Übernahme: Hochtief muss alleine kämpfen

Soll der Staat eingreifen, wenn ein Unternehmen von einem ausländischen Konkurrenten übernommen werden könnte? Diese Frage erhitzt im Fall Hochtief die Gemüter. Schließlich ist es kein angeschlagenes Unternehmen, das um Hilfe bittet.

Es ist ein kerngesunder Konzern - der letzte deutsche Bauriese, der dank seines Geschäftsmodells gut durch die Krise gekommen ist. Erfolgreich im Geschäft, aber an der Börse unterbewertet und damit leichte Beute für Angreifer.

Der aktuelle Angreifer ist der hochverschuldete spanische Bauriese ACS, immerhin schon mit 30 Prozent an Hochtief beteiligt. Gerade die Spanier, die ihren Baumarkt gegen ausländische Konkurrenz abgeschottet haben und die dank großzügiger EU-Infrastrukturmittel groß geworden sind, wollen sich nun mithilfe von Hochtief sanieren?

Für SPD-Chef Sigmar Gabriel ist der Fall klar: Das darf nicht sein. Publikumswirksam schlägt er sich auf die Seite des Vorstands und der Belegschaft und fordert ein Eingreifen der Bundesregierung. Da wollte wohl auch die Bundeskanzlerin nicht länger schweigen: Sie machte Hochtief gestern zur Chefsache und warnte vor einer Zerschlagung. Konkrete Hilfe indes bot sie bisher nicht an. Und dabei sollte es auch bleiben.
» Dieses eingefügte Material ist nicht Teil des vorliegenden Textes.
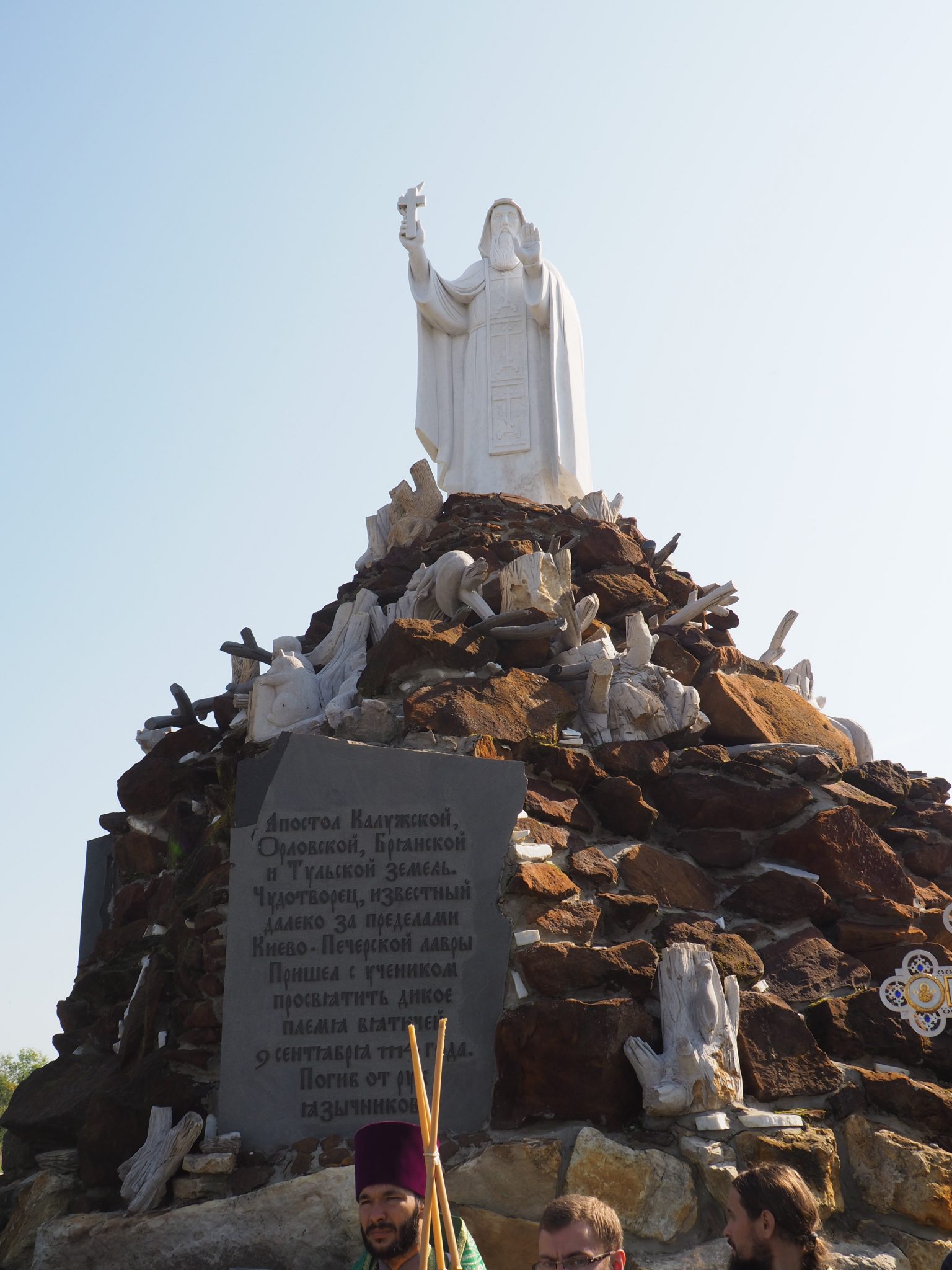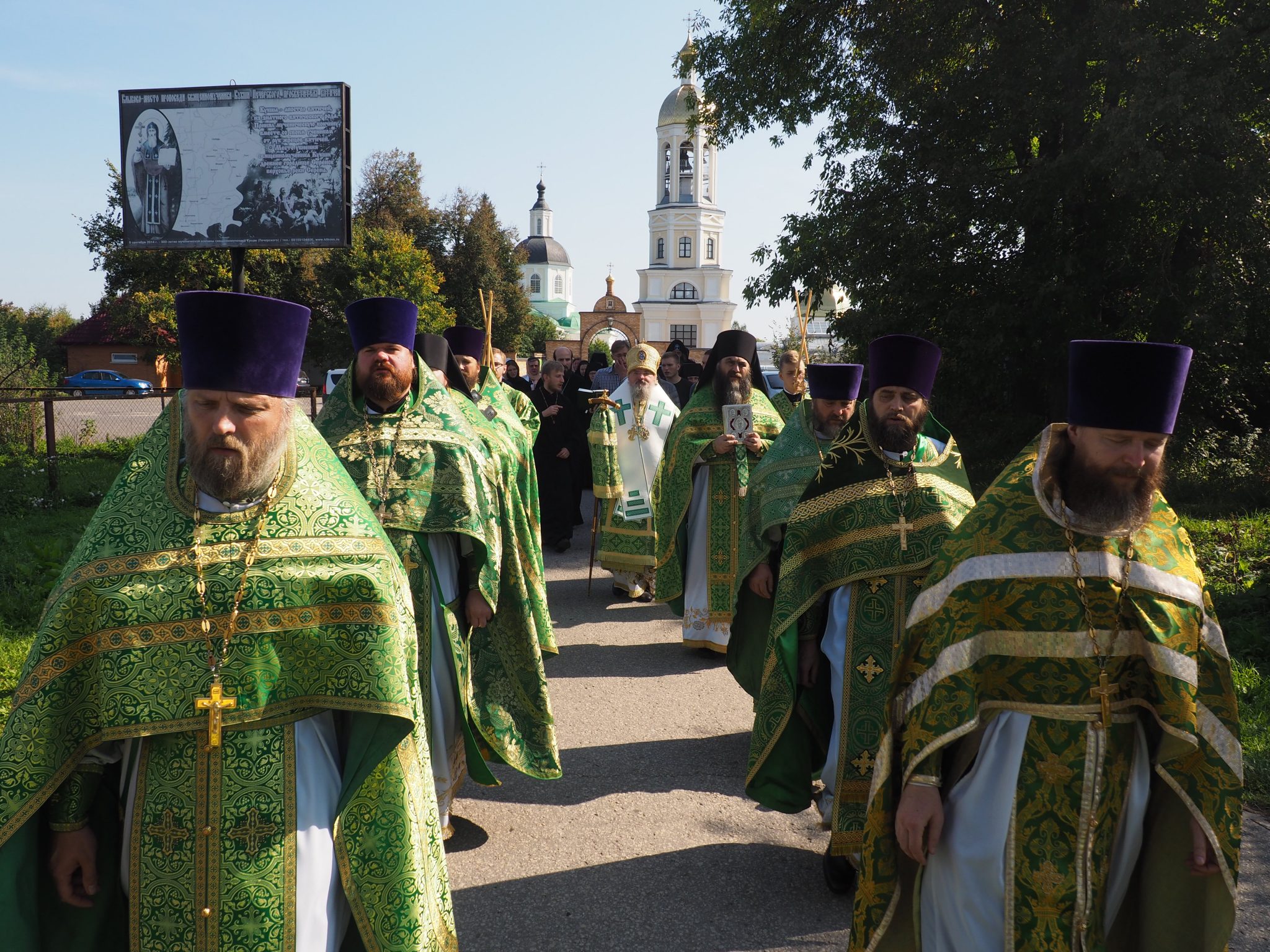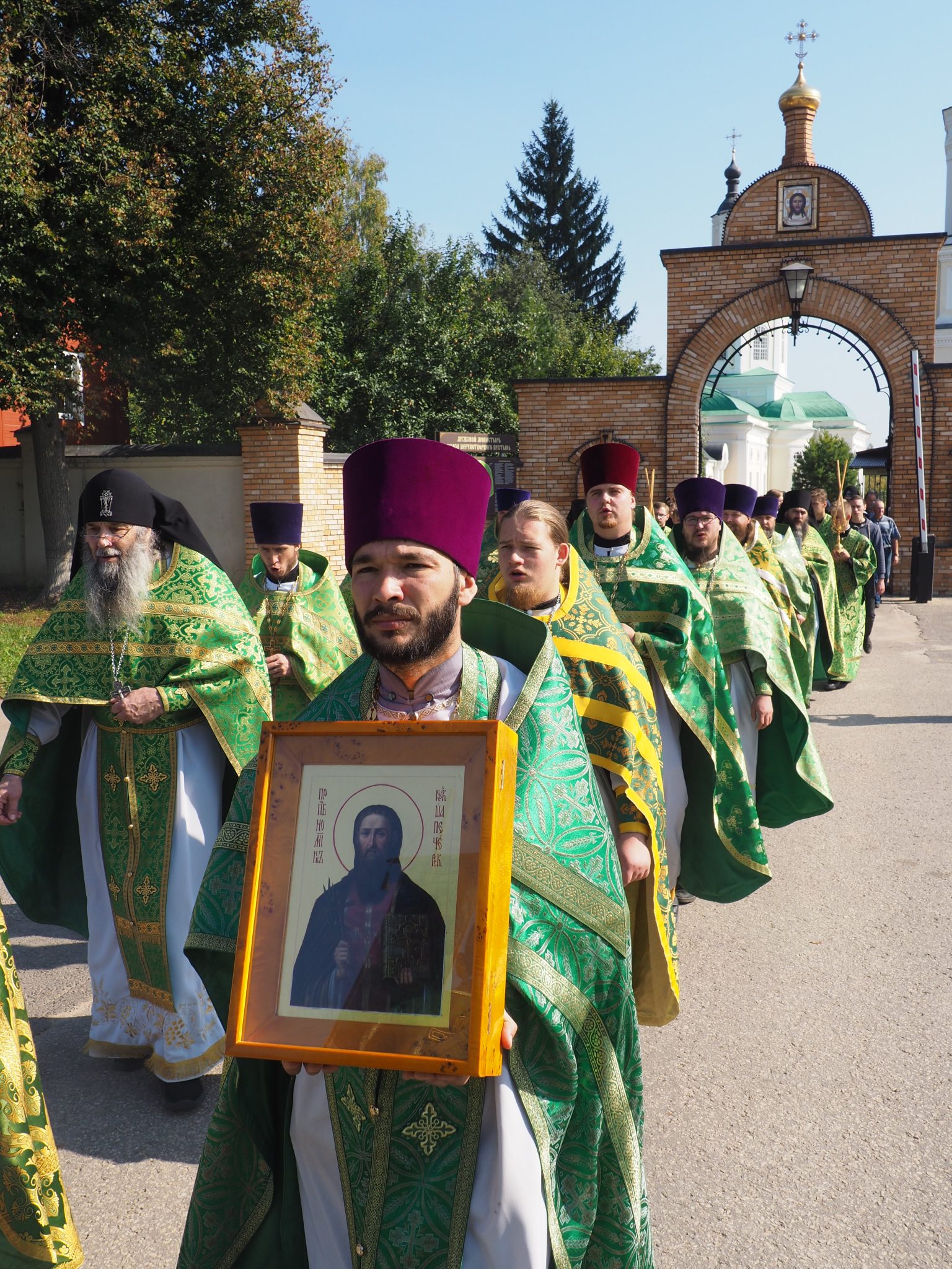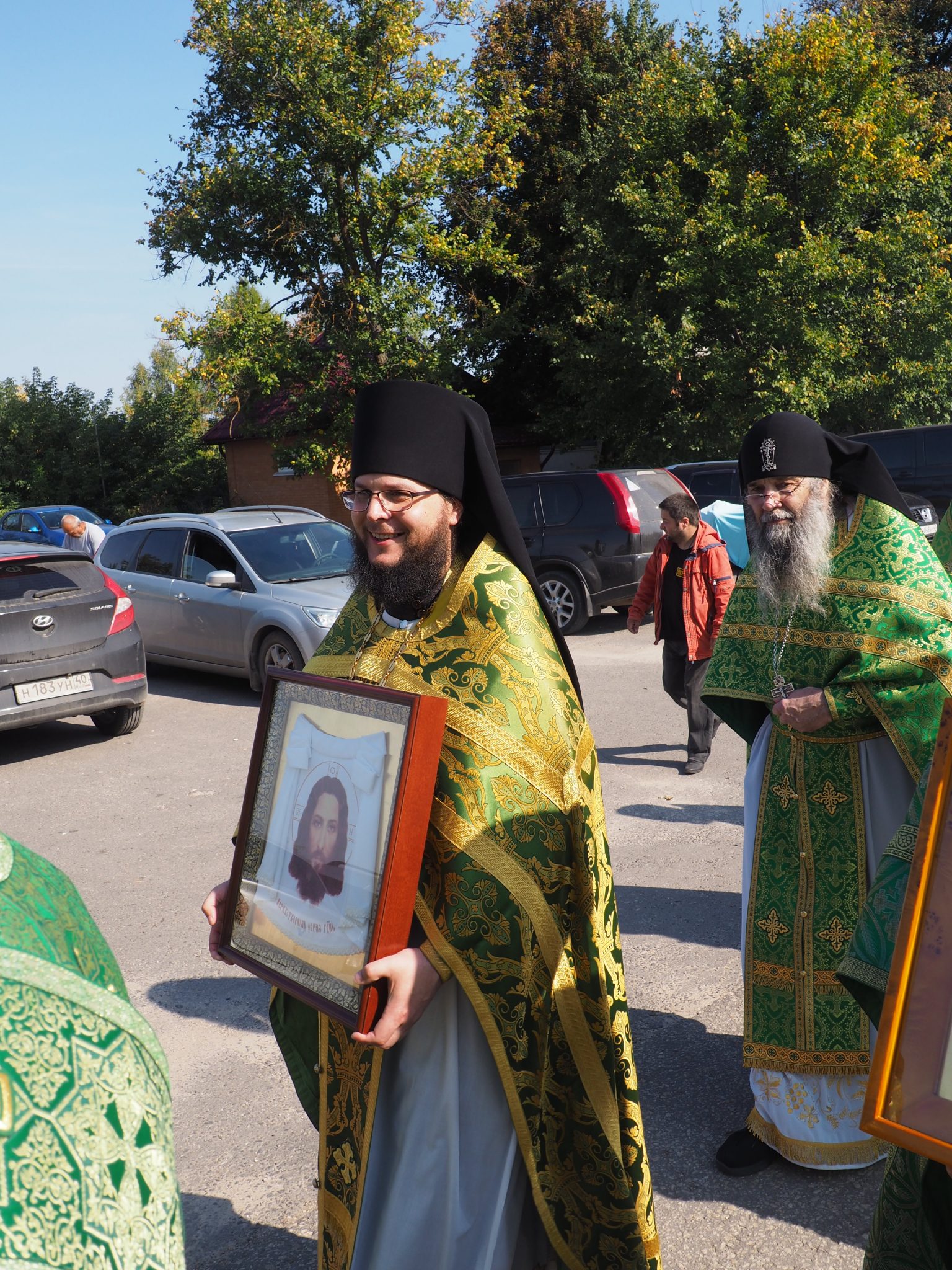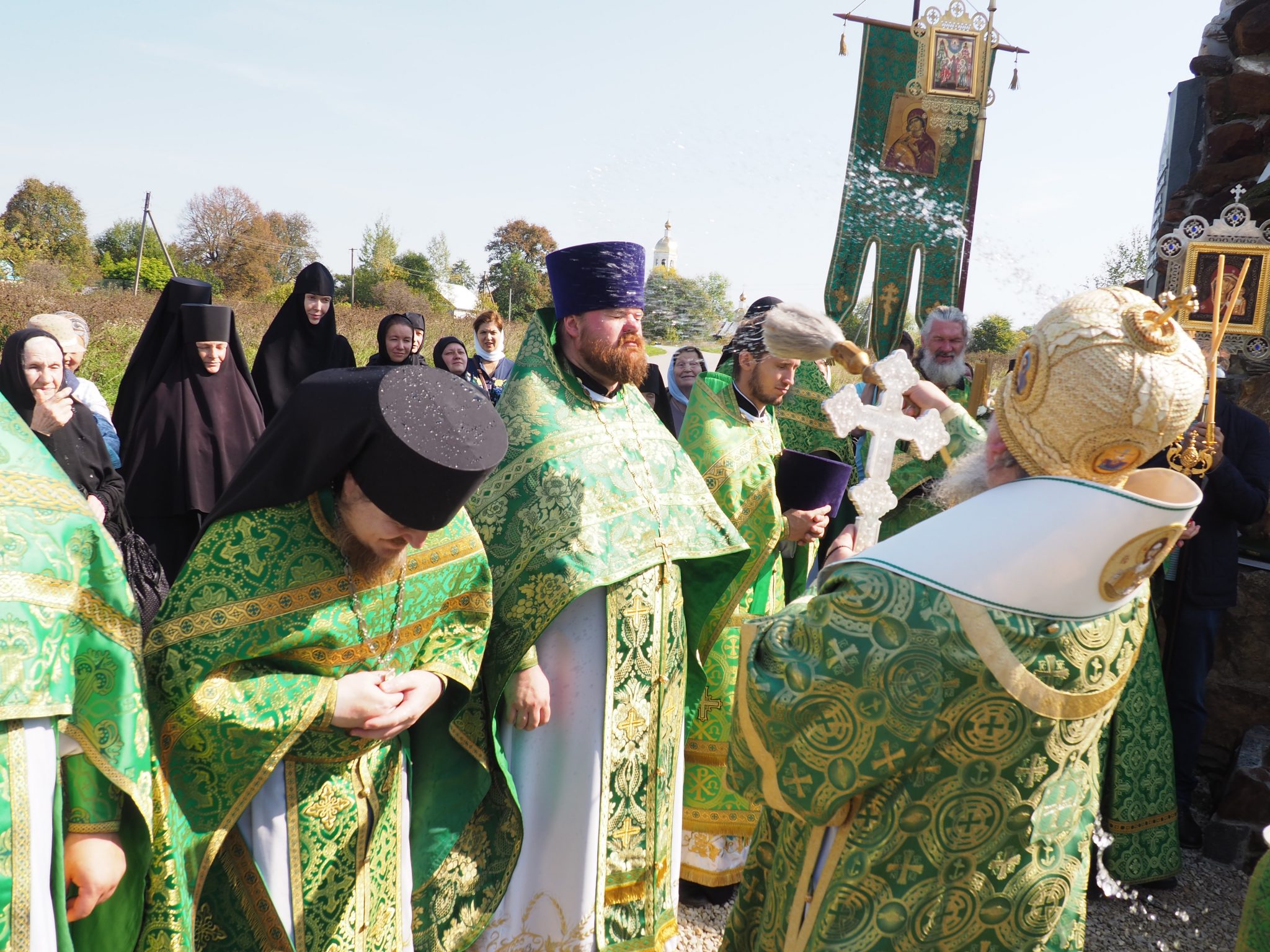 По отпусте литургии состоялся торжественный крестный ход к памятнику святому Кукше, установленному на подъезде к монастырю, где владыка совершил малое освящение воды и вознес молитву преподобномученику.

Noch immer gibt es zwar Länder, die ihre Unternehmen durch Zugriffe von außen schützen. Frankreich etwa wacht mit Argusaugen über seine Industrie-Perlen. Die spanische Regierung hatte dem Düsseldorfer Eon-Konzern einst die Übernahme des Energieriesen Endesa vereitelt. Doch Protektionismus hat am Markt nichts zu suchen. Und gerade Hochtief ist ein Konzern, der durch zahlreiche Übernahmen im Ausland erst groß und erfolgreich geworden ist.

Verständlich ist, dass die Mitarbeiter um ihre Arbeitsplätze fürchten. Doch man darf nun nicht dem einst willkommenen Großaktionär ACS vorwerfen, mehr vom Hochtief-Kuchen zu wollen als bisher. Das Versäumnis liegt beim Vorstand des deutschen Bauriesen. Ihm ist es nicht gelungen, den Konzern durch einen hohen Börsenwert vor Übernahmen zu schützen.

Ein politischer Vorstoß aus NRW ist aber bedenkenswert: In anderen Staaten der EU gibt es für vergleichbare Fälle schärfere aktienrechtliche Schutzvorschriften. Da könnte Deutschland eine Lücke im Gesetz schließen.